Danach erkunden die jungen Leute gern noch ein wenig die Stadt. Man sieht sie zu zweit oder in kleinen Gruppen in Cafés oder vor den Souvenirshops der Fußgängerzone, bevor uns der Bus an der Strandpromenade wieder aufnimmt.
„London Calling“
Wir werden in North Greenwich abgesetzt. Von hier sind es nur wenige Schritte zum Millenium Dome, auf der gegenüberliegenden Flussseite in Richtung Osten erheben sich die Wolkenkratzer von Canary Wharf und dahinter liegen Tower Bridge und die alte City of London. Weiter flussaufwärts macht die Themse eine weite Kurve nach Süden, linker Hand liegt das ehemals verrufene Southwark und rechts die vornehme City of Westminster: Eine Welt von Möglichkeiten! Alle haben ihre eigenen Vorstellungen davon, wohin sie nun ausschwärmen wollen und sind im Handumdrehen verschwunden.
Gemeinsam geht es dann ins London Dungeon, ein Gruselkabinett englischer Geschichte, gleich gegenüber dem Parlament. Ein großer lichtloser Zeitfahrstuhl ruckelt uns nach unten, wo wir im Jahr 1605 von einem lauten Soldaten empfangen werden, der Guy Fawkes, den glücklosen Verschwörer des Gunpowder Plots, höchstselbst auf frischer Tat ertappt haben will. Guys Kopf steckt hinter ihm auf einem Spieß, erweist sich mit der Zeit aber doch als noch überaus lebendig... Die Szene endet mit einem Knall, bei dem Wände und Boden wackeln, aber wir können flüchten.
Zweihundert Jahre später stehen wir in Lady Lovett’s Pastetenladen in der Fleet Street. Während sie selbst in Haube und Perücke hinter der Theke charmant über ihre Rezepte plaudert, wächst im Kopf des Passanten die bohrende Frage heran, woher denn all das leckere, frisch geschlachtete Fleisch kommt, das sie hier mit so großer Begeisterung verarbeitet…

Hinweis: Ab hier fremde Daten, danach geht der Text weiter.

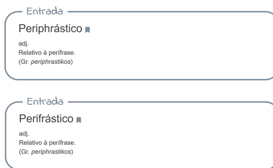
Figure 2: perifrástico [periphrastic] and perifrástico [periphrastic] in DA

For this task, we have ignored the old orthographic variant forms of a given lexical unit, as they are present in duplicate in DA (with an updated version of the form). Since the DLPC is a contemporary dictionary, these orthographic
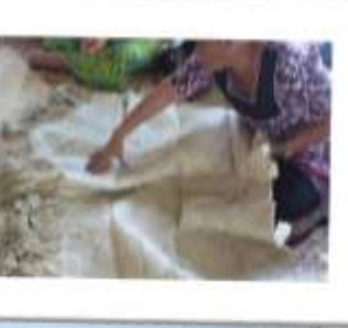
Reflections on Heritage Programme Development at The University of the South Pacific
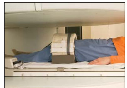
Position you will be in for an Open MRI of the Knee. This positioning would also be true for an Open MRI of the Foot or Ankle.
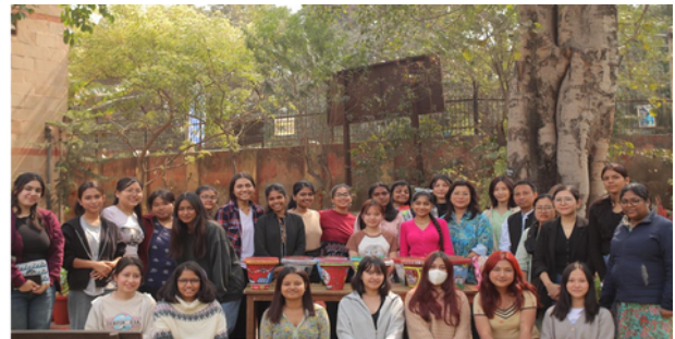
NE Students' Cell & Gardening Committee Faculty members with OBs and artist after the Pot Painting Competition under the theme Vikshit Bharat on 1st March, 2024
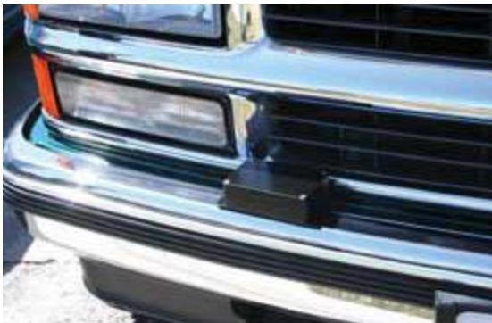
Figure 5: External Detector Module

Make sure that neither the mounting equipment nor the position of the module affects the operation of the vehicle in any way. Take special care if mounting the External Detector module under the hood to avoid placement near the engine block, exhaust lines, compressor, or other hot/cold areas, as exposure to extreme temperatures may damage the device. Also, make sure to avoid engine belts and electrical wires, and confirm that the power and/or communications cables of the modules are secured and isolated from moving parts and hot surfaces.
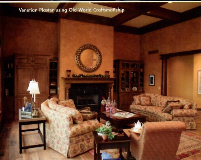
Venetian Plaster using Old World Craftsmanship
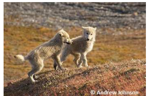
26 Arctic Wolf Pups
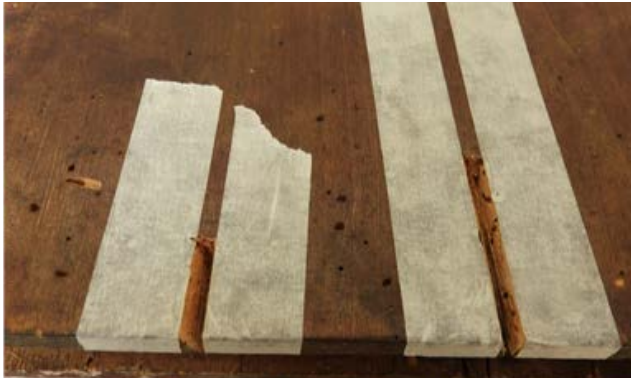
CUNEI SPACE PREPARATION
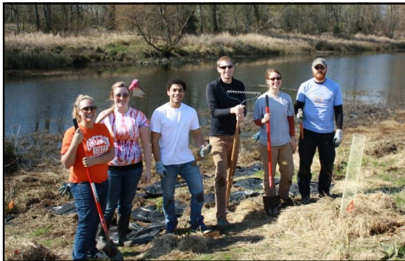
FW Club members on a tour hosted by the McKenzie

Mittlerweile ist es 1889, und wir kehren in den Ten Bells Pub im finstersten White Chapel ein. Der Wirt erzählt von ungeklärten Prostituiertenmorden in der Gegend; der Name Jack the Ripper fällt, und die Stimmung wird immer unheimlicher. Draußen blitzt und donnert es. Im Hintergrund bewegen sich von selbst Gegenstände, das schummrige Licht flackert, und wieder gibt es eine Überraschung, dass der ganze Saal kreischt.

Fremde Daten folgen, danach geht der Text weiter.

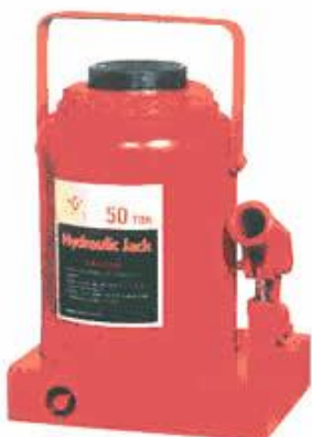
立式千斤頂 HYDRAULIC BOTTLE JACK
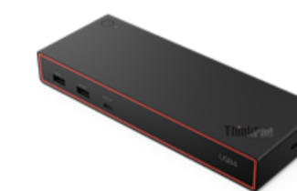
ThinkPad USB4 Dock 5000 40BF0100UK
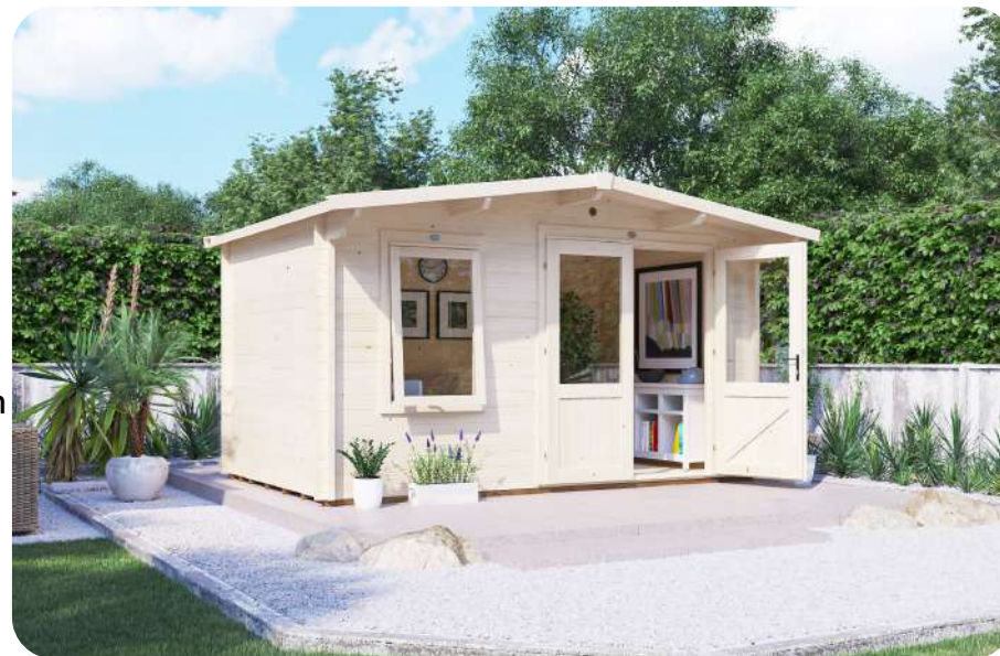
Model shown 4.0m x 2.5m

34mm Walls 45mm Walls 45mm Walls with SideStore 45mm with uPVC Insulated 62mm with uPVC Insulated
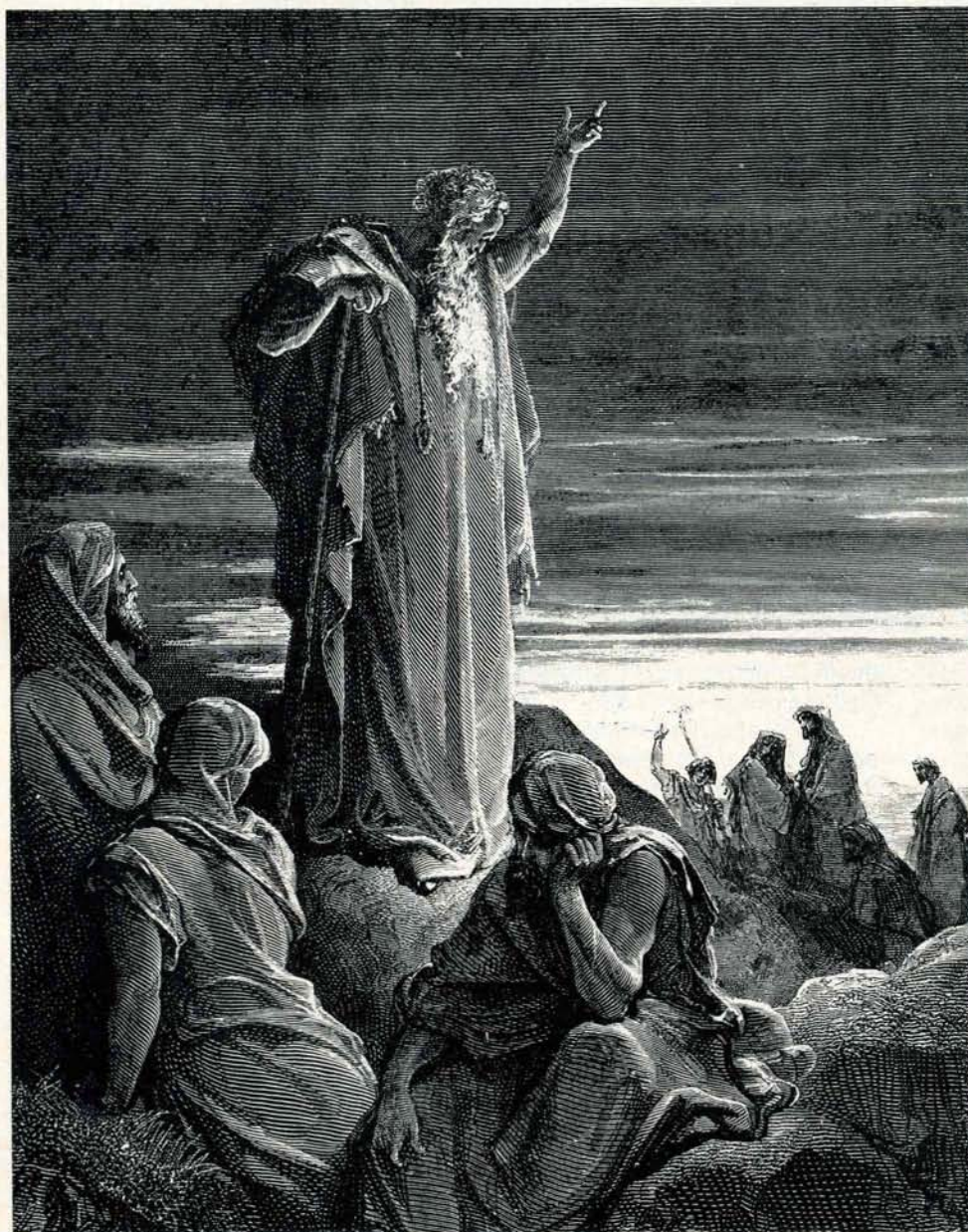
Illustration by G. Dore

The prophet Ezekiel was not able to go to Israel in his day because he was among the captive Jews in Babylon. Today God has raised up His Work to carry Ezekiel's message to the "lost" house of Israel, whose identity He has revealed.
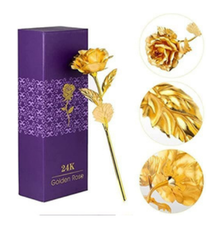
ARTIFICIAL GOLDEN FLOWER
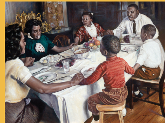
Blessing with King, 2016

In 1972, he moved to the United States, where he began making paintings of mainly African Americans, their cultures, and the subjects that define them. His main goal was to create images that would inspire African Americans to be proud of their African heritage and follow in the footsteps of their leaders. Mavruk's paintings also captured
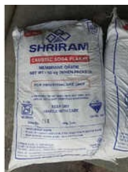
DCM SHIRAM CAUSTIC SODA FLAKES
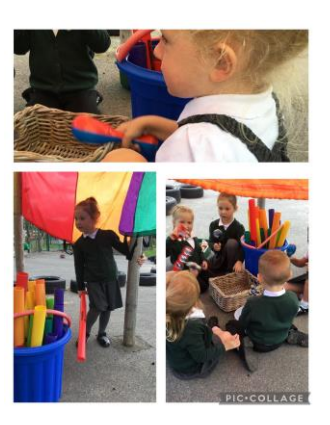
Year 1 had an amazing time exploring

Nursery have been exploring sound with instruments
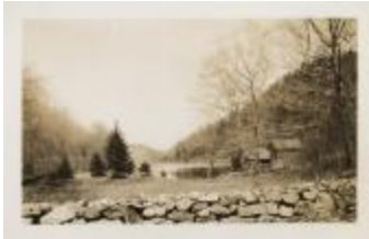
Slide Mountain (NYSL_SC19469_B2_F24_P2)
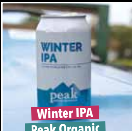
Winter IPA Peak Organic
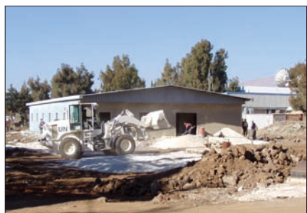
J-Con Heavy Equipment levelling the area around the new Medical Center
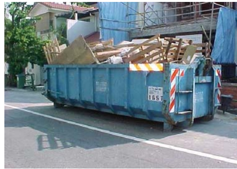
Skip as temporary storage space - Road users at risk
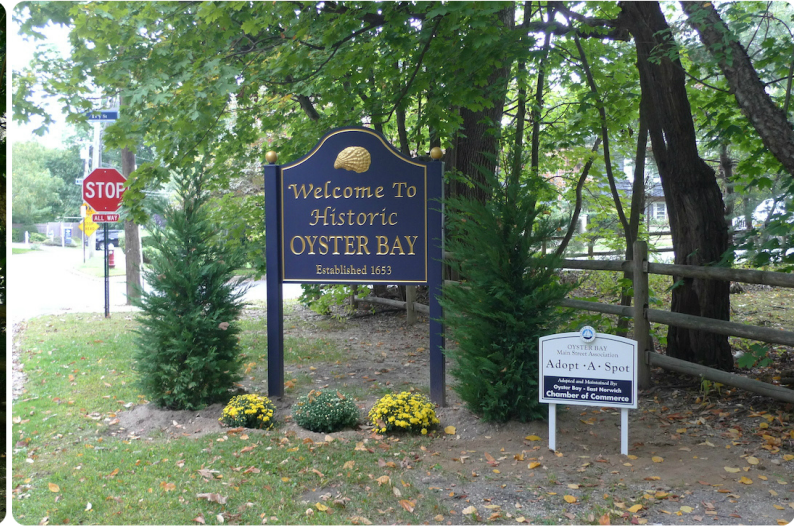
Before and after photos of the Berry Hill "Spot" adopted by the Oyster Bay-East Norwich Chamber of Commerce.

These sites, which had largely been ignored over the years, were a high priority for the Main Street Association. On Cove Road and Berry Hill Road, the hand-carved "Welcome to Historic Oyster Bay" signs had both disappeared and been replaced with unsightly aluminum signs that did not match the tenor of the downtown. With their adoption, the Chamber of Commerce and Mill-Max both purchased new welcome signs for their locations as well as new plantings, which will be maintained for two years by the adopters. The Cove Road location is slated to have a sprinkler system installed with new plantings in the Spring.

Britannien entlässt uns nun. Bereits am Morgen hatten wir uns herzlich von unseren Gastfamilien verabschiedet. Jetzt bleiben noch ein paar Stunden in London, bevor der Bus am Abend wieder Dover ansteuert. In pechschwarzer Regennacht warten wir auf die Fähre. Irgendwann entfernt sich die Küste, nur ein paar bunte Hafenlichter erleuchten Caesars weiße Kreidefelsen.
Wir kamen, sahen – und waren begeistert. Diesen Anblick sollte man sich öfter gönnen.